[WORK ORDER] The answer should hold only the lines from the beginning of the listing below to the line containing "説明される方もやさしく丁寧に", both included, with every picture left out.

[AVAILABLE DATA]
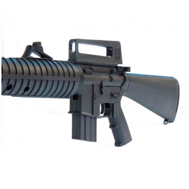 Rifle de Pressão M16-S possui ação por mola helicoidal com engatilhamento por basculamento do cano, seu cano possui acabamento em polímero e coronha em polímero do tipo tática, ambidestra.
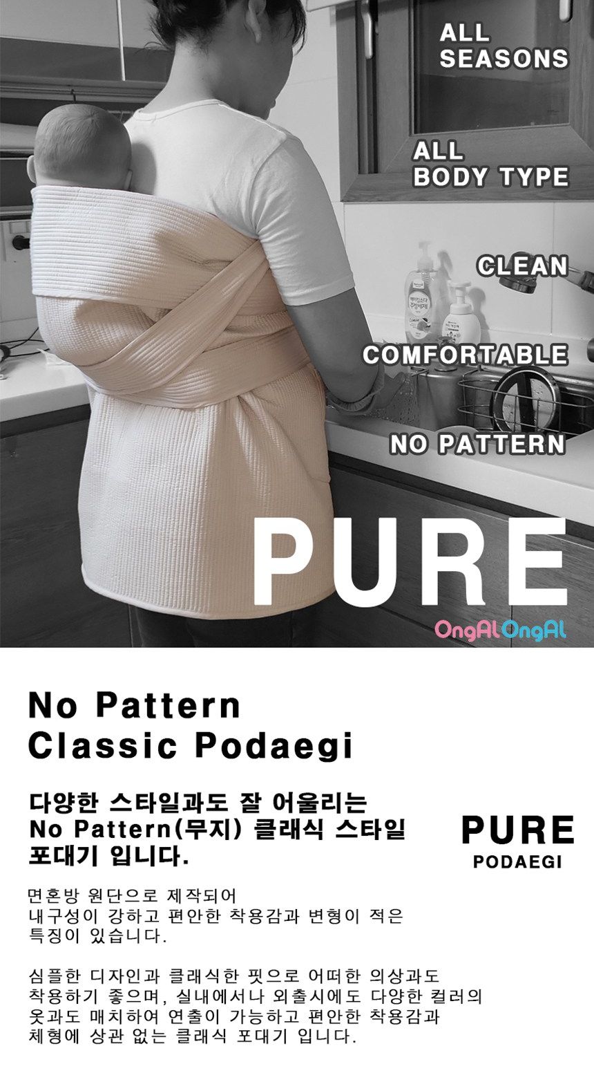 The Ongalong PURE 7bu Podaegi is a premium Korean traditional baby carrier that provides exceptional comfort and security for both parent and baby. Made in Korea with high-quality materials, this podaegi features a unique Y-shaped seat design for stable positioning.
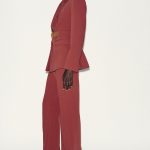 - Vatkaları olan, uzun kollu, klapa yakalı blazer ceket. Kapaklı ön cepli. Önü geniş kemerli, altın rengi tokalı ve gizli çıtçıtlıdır.
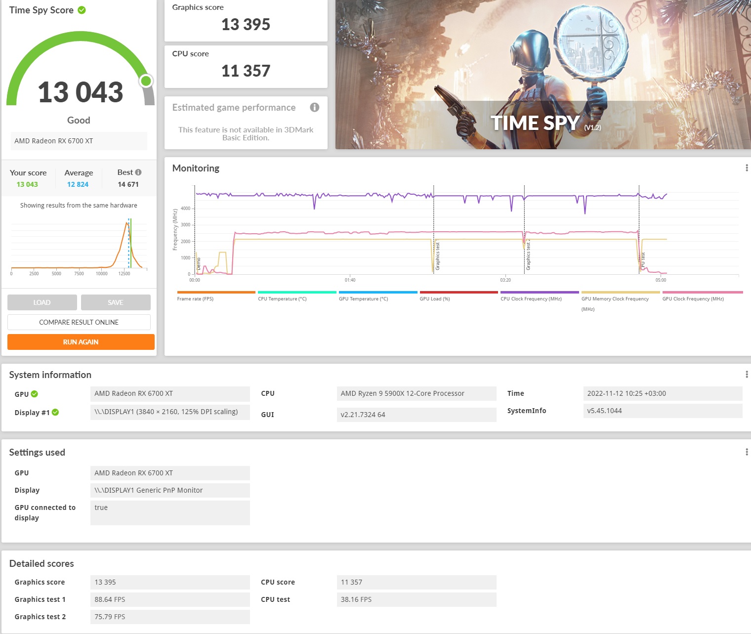 rx 6700 xt, в андервольте и на частоте 2650 мгц, набирает 14к очков в TS. Вполне конкурент 3070. Можете в теме соответсвующей поискать результаты или поспрашивать.
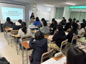 説明される方もやさしく丁寧にお話をしてくださり、生徒たちは積極的にお話を聞けてました。体験ブースもあり、仕事観を養いながら、学校選択にも活かせたと思います。本校からも数名の参加生徒がおり、進学について各学校の話を聞かせていただきました。生徒たちは複数の興味ある学校のブースに向かい、熱心に取り組んでおりました。
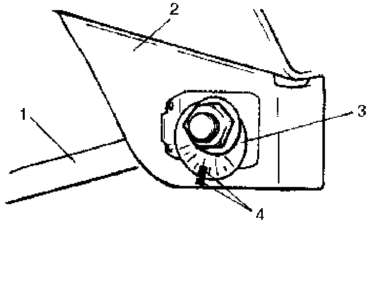 6) To facilitate toe adjustment after reinstallation, put match marks (4) on washer (3) and on suspension frame (2) (right and left).
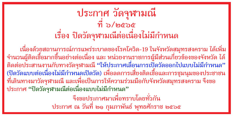เมื่อเวลา 22.00 น.ของวันที่ 21 กุมภาพันธ์ 2565 “วัดจุฬามณี” อ.อัมพวา จ.สมุทรสงคราม ออกประกาศ ฉบับที่ 6 เรื่อง “ปิดวัดจุฬามณีต่อเนื่องไม่มีกำหนด” ระบุว่า เนื่องด้วยสถานการณ์การแพร่ระบาดของโรคโควิด-19 ในจังหวัดสมุทรสงคราม ได้เพิ่มจำนวนผู้ติดเชื้อมากขึ้นอย่างต่อเนื่อง และ หน่วยงานราชการผู้มีส่วนเกี่ยวข้องของจังหวัด ได้ติดต่อประสานงานกับทางวัดจุฬามณี “ให้ประกาศเลื่อนการเปิดวัดออกไปแบบไม่มีกำหนด” (ปิดวัดแบบต่อเนื่องไม่มีกำหนดเปิดวัด) เพื่อลดการเสี่ยงติดเชื้อและการชุมนุมของประชาชนที่เดินทางมาวัดจุฬามณี และเพื่อเป็นการให้ความร่วมมือกับจังหวัดสมุทรสงคราม จึงขอประกาศ “ปิดวัดจุฬามณีต่อเนื่องแบบไม่มีกำหนด”
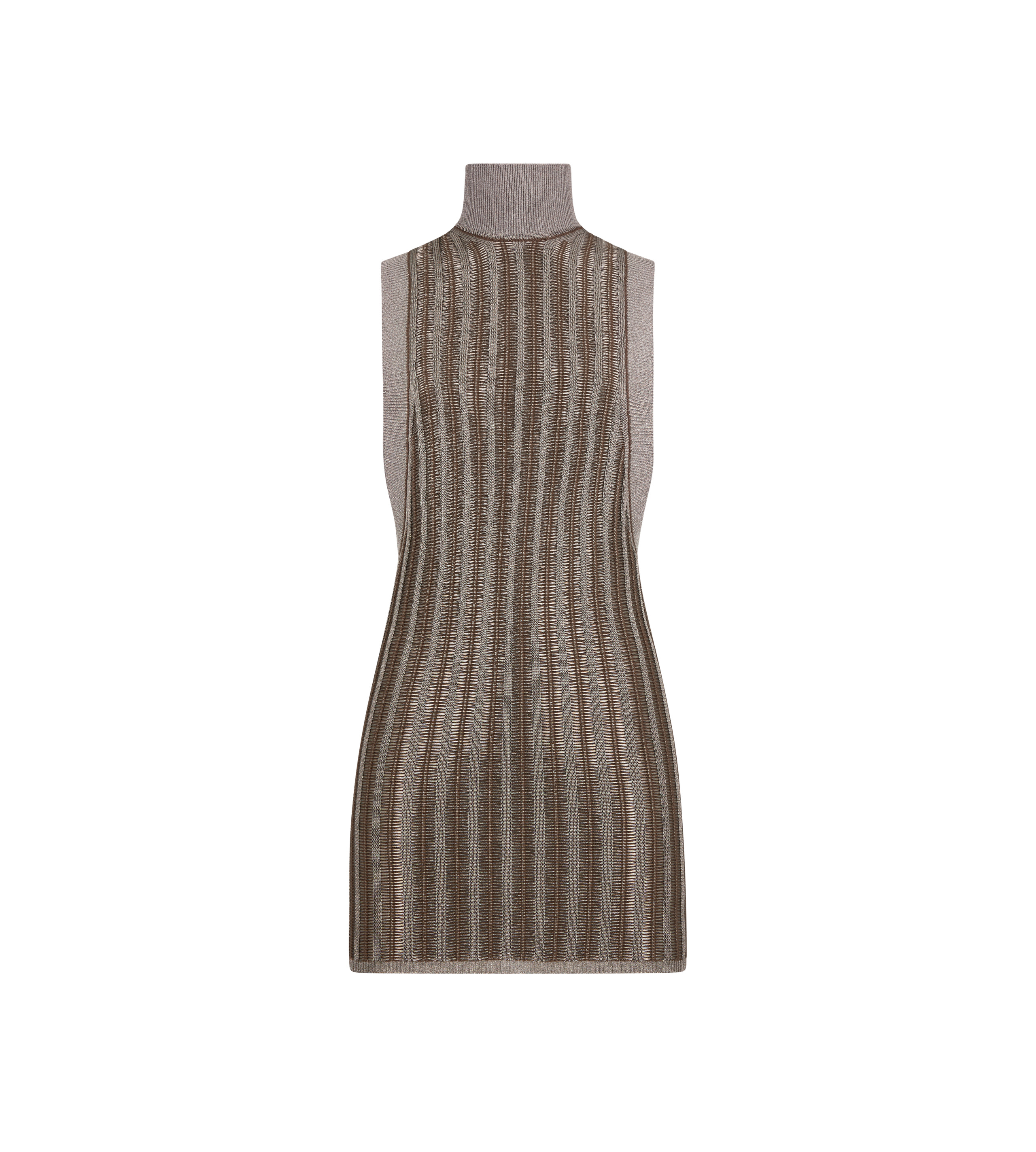 - TURTLENECK KNITTED COCKTAIL DRESS - MINI LENGTH - RIBBED NECKLINE AND ARMHOLES - INVISIBLE ZIP - CRAFTED IN SLINKY VISCOSE AND WOOL METAL RIB - GAUGE 12 - 60% VIRGIN WOOL 28% VISCOSE 12% METALLIC FIBER
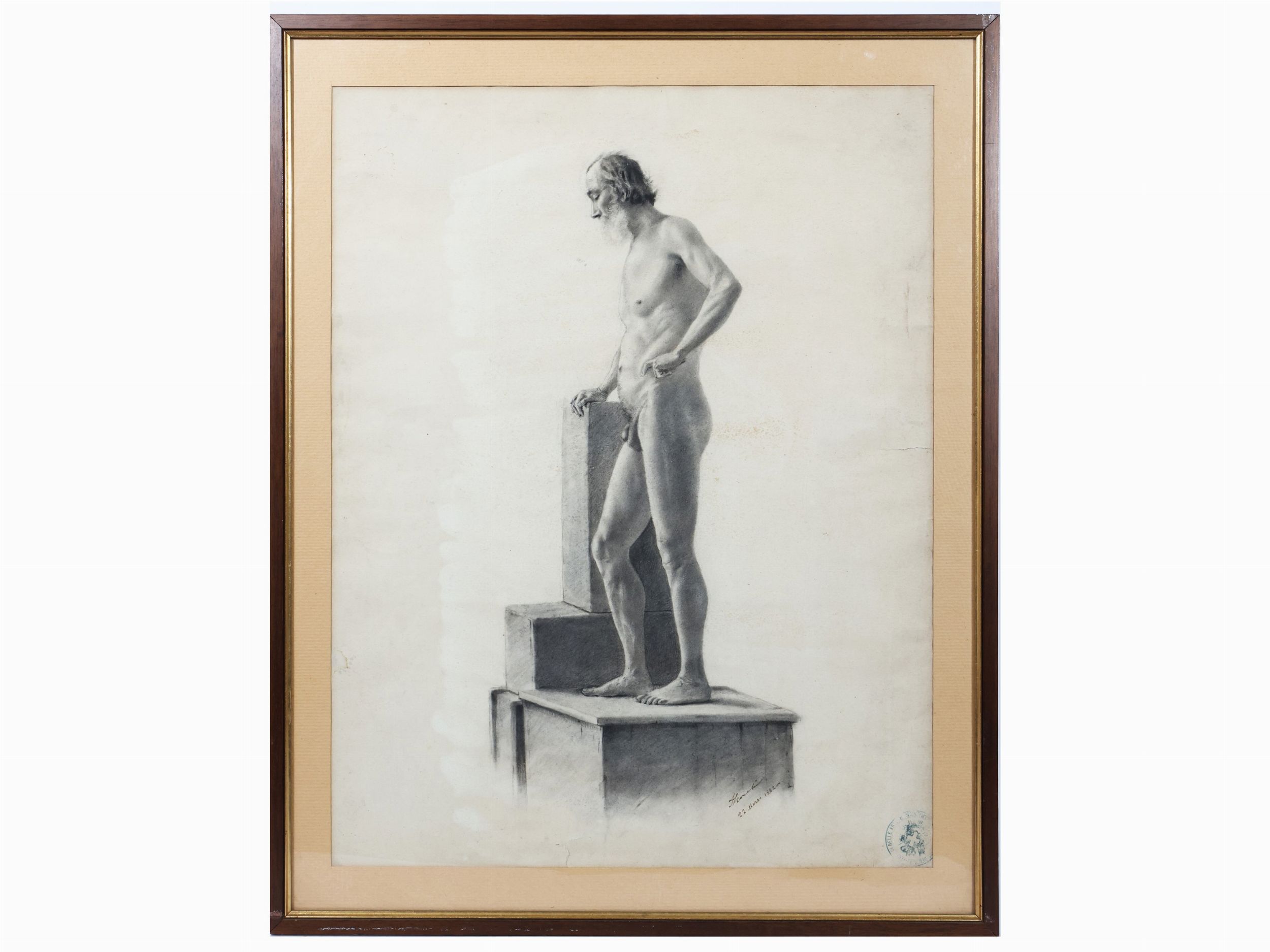 XIX/XX secolo matita e carboncino su carta, firmato e datato, in cornice, alcuni difetti

[PROBLEM SOLUTION]
 Rifle de Pressão M16-S possui ação por mola helicoidal com engatilhamento por basculamento do cano, seu cano possui acabamento em polímero e coronha em polímero do tipo tática, ambidestra.
 The Ongalong PURE 7bu Podaegi is a premium Korean traditional baby carrier that provides exceptional comfort and security for both parent and baby. Made in Korea with high-quality materials, this podaegi features a unique Y-shaped seat design for stable positioning.
 - Vatkaları olan, uzun kollu, klapa yakalı blazer ceket. Kapaklı ön cepli. Önü geniş kemerli, altın rengi tokalı ve gizli çıtçıtlıdır.
 rx 6700 xt, в андервольте и на частоте 2650 мгц, набирает 14к очков в TS. Вполне конкурент 3070. Можете в теме соответсвующей поискать результаты или поспрашивать.
 説明される方もやさしく丁寧にお話をしてくださり、生徒たちは積極的にお話を聞けてました。体験ブースもあり、仕事観を養いながら、学校選択にも活かせたと思います。本校からも数名の参加生徒がおり、進学について各学校の話を聞かせていただきました。生徒たちは複数の興味ある学校のブースに向かい、熱心に取り組んでおりました。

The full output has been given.